# Swap Golf mk2 GTD -> TDI ARL 150hp. I need help



## albmargu (Feb 20, 2008)

I need help to swap a Golf mk2 GTD. The new engine is a 1.9TDI ARL 150hp extracted from a Seat León FR.
The main problems for this project are:
- Gearbox: I have the TDI six gearbox but it's difficult to install in a mk2. The GTD gearbox will broke up with the TDI engine (Double-torque). I think the best choice is a TDI five gearbox. This implies the change of the clutch, isn't it?
- Electricity: The GTD uses CE1 (previous to 1990). I have to choice between upgrade it to CE2 and take the fuse box from the TDI. Which is the best option?
Thank you.
Alberto.


----------



## jettaboy_gtx (Apr 12, 2003)

*Re: Swap Golf mk2 GTD -> TDI ARL 150hp. I need help (albmargu)*

well i never really looked into the TDI swap but it shouldn't be much different than the 1.8T.
Transmision yes you are right 5 speed TDI would be easies as it will pretty much bolt right up to the MK2 using corrado or passat 16V tranny and front engine mount brackets.
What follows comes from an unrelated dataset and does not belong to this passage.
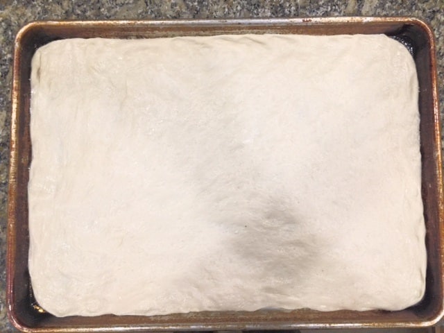 5. Final Push – After Letting the dough rest, it’s time to make the final shape. Letting the dough rest lets it rise a bit more and warm up. It also softens the dough a bit so it’s easier to form. Push the dough out towards all the corners, filling the sheet pan. If it doesn’t want to go all the way to the corners, let it rest for another 10 minutes and try again until it goes to the corners. If you tear a hole in the dough, just fold over a little section over the hole and seal the hole. It will be fine.

And yes you need to change the clutch, best option is G60 228mm flywheel and VR6 clutch.
As for wiring theres few options depending how good you are with the wiring.
If you have the complete wiring harness from the seat i would probablt try to use the complete harness, if not then i would convert your car to CE2 get the immobilizer defeated in the ECU (im not sure if that is awailable for TDIs) and splice the TDI harness into the CE2 fuse box.


----------